Data:

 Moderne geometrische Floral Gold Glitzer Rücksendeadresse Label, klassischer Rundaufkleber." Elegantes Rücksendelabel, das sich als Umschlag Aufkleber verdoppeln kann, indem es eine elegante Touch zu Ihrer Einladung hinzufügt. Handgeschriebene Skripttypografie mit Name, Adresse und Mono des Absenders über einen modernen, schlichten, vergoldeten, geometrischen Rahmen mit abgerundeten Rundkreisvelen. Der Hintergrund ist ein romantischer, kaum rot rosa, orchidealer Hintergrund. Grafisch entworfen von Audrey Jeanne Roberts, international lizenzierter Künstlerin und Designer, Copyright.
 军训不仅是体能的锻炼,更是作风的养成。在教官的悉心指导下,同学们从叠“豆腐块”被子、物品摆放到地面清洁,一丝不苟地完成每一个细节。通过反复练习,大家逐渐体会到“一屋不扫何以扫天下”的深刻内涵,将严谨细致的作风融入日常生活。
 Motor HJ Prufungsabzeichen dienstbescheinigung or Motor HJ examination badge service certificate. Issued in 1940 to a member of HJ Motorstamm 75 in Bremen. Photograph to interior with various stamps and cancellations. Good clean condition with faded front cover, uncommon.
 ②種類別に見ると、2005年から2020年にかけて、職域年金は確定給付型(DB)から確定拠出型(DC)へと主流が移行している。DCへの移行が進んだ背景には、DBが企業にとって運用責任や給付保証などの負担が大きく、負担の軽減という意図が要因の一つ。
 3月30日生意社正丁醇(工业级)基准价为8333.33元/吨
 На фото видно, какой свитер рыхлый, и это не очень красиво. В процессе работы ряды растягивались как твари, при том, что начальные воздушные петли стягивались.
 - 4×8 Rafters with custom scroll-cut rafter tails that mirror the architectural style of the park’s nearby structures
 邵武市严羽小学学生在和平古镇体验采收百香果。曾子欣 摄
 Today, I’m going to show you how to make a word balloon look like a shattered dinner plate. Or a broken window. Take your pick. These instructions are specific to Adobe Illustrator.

What you will do: Output, exactly and with nothing else, the lines from the line containing "邵武市严羽小学学生在和平古镇体验采收百香果。曾子欣 摄" to the end of the entries.

Result of the task:
 邵武市严羽小学学生在和平古镇体验采收百香果。曾子欣 摄
 Today, I’m going to show you how to make a word balloon look like a shattered dinner plate. Or a broken window. Take your pick. These instructions are specific to Adobe Illustrator.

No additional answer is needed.